Directions
In the listing below, find each line holding "with" and copy it.

Supplied material Start Marker

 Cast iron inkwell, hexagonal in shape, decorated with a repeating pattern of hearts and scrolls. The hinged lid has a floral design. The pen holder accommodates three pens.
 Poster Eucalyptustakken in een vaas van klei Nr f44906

Supplied material End Marker
Supplied material Start Marker

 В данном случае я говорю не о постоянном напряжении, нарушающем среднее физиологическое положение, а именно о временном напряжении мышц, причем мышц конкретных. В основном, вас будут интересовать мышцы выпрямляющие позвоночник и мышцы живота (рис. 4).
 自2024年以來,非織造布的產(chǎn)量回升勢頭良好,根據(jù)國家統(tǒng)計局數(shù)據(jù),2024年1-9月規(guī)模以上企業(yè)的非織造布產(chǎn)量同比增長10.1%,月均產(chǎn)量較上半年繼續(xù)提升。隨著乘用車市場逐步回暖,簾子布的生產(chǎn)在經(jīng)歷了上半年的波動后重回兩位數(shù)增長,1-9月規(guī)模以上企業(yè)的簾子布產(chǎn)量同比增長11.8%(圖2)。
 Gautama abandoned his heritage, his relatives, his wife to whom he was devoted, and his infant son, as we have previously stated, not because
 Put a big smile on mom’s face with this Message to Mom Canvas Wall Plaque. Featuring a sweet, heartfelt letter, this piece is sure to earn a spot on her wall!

Supplied material End Marker
Supplied material Start Marker

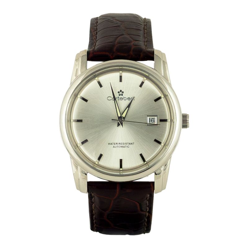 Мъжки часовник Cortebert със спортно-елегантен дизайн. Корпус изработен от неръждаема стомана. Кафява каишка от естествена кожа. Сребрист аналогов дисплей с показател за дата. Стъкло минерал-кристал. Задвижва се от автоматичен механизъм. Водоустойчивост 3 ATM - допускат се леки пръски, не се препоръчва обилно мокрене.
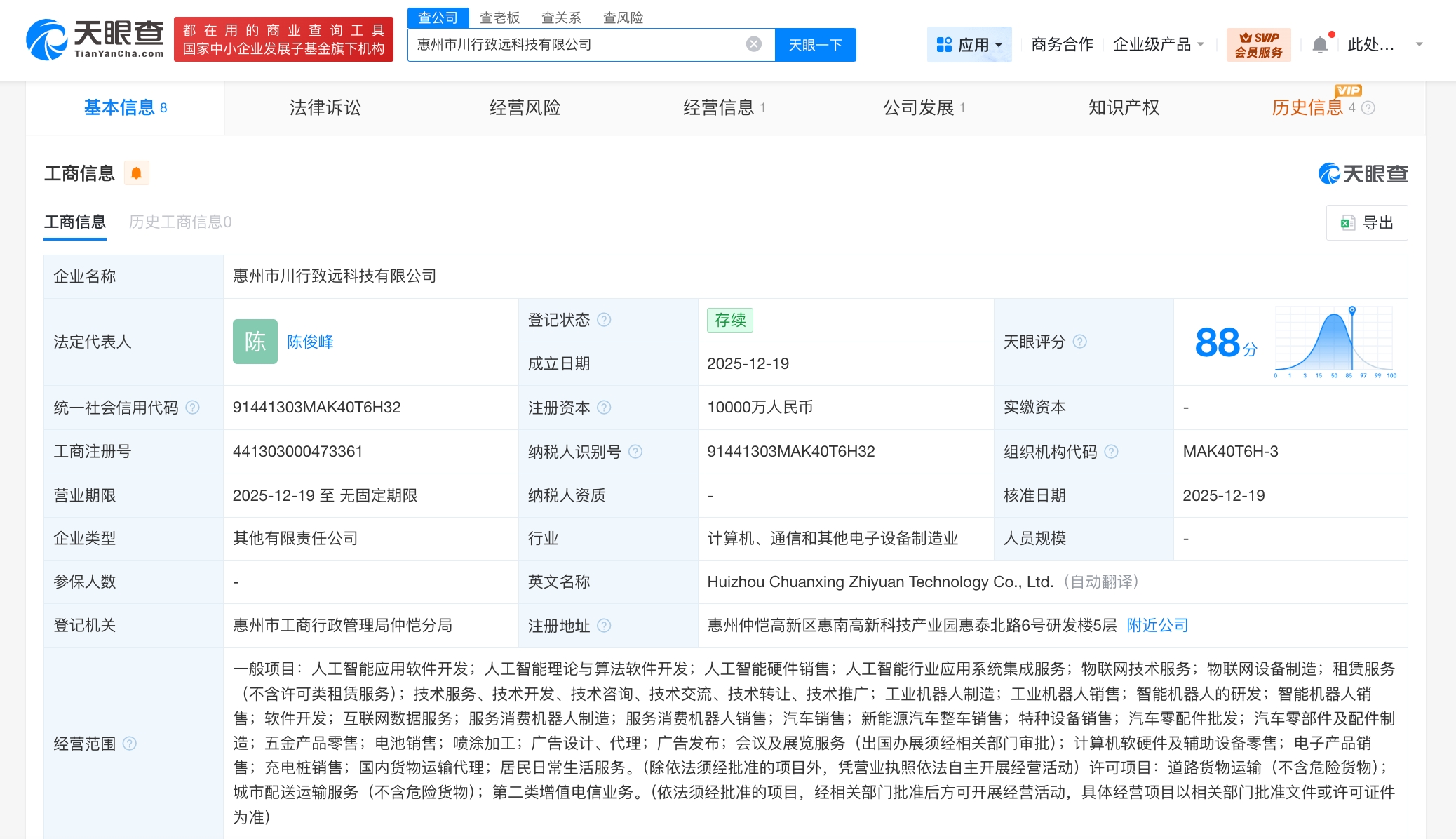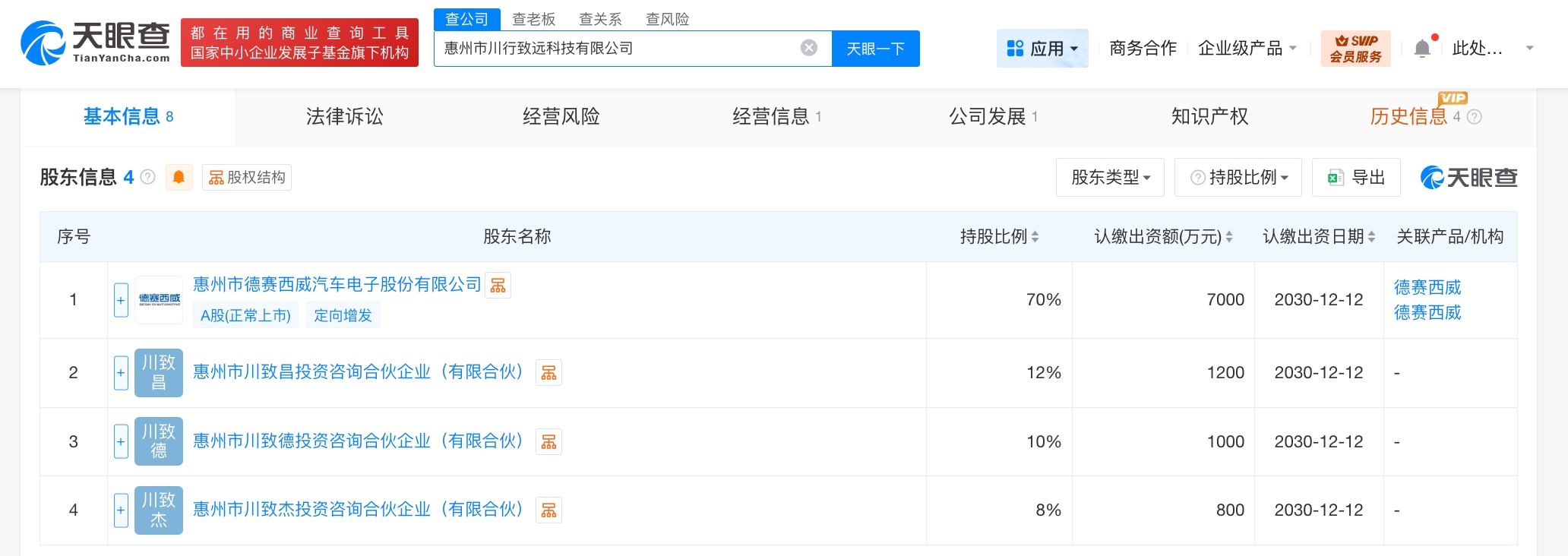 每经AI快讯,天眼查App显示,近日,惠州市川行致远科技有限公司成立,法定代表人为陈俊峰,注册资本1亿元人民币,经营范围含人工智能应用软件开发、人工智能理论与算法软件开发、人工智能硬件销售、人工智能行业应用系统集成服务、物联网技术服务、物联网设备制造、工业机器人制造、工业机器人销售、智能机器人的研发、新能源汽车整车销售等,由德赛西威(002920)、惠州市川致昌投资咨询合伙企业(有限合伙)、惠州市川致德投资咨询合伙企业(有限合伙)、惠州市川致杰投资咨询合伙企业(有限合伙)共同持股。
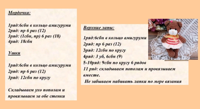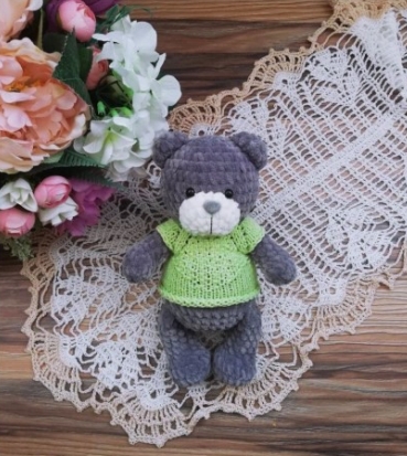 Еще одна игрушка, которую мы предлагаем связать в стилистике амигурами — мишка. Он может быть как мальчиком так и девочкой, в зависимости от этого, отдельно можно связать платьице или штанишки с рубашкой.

Supplied material End Marker

Written answer
 Cast iron inkwell, hexagonal in shape, decorated with a repeating pattern of hearts and scrolls. The hinged lid has a floral design. The pen holder accommodates three pens.
 Put a big smile on mom’s face with this Message to Mom Canvas Wall Plaque. Featuring a sweet, heartfelt letter, this piece is sure to earn a spot on her wall!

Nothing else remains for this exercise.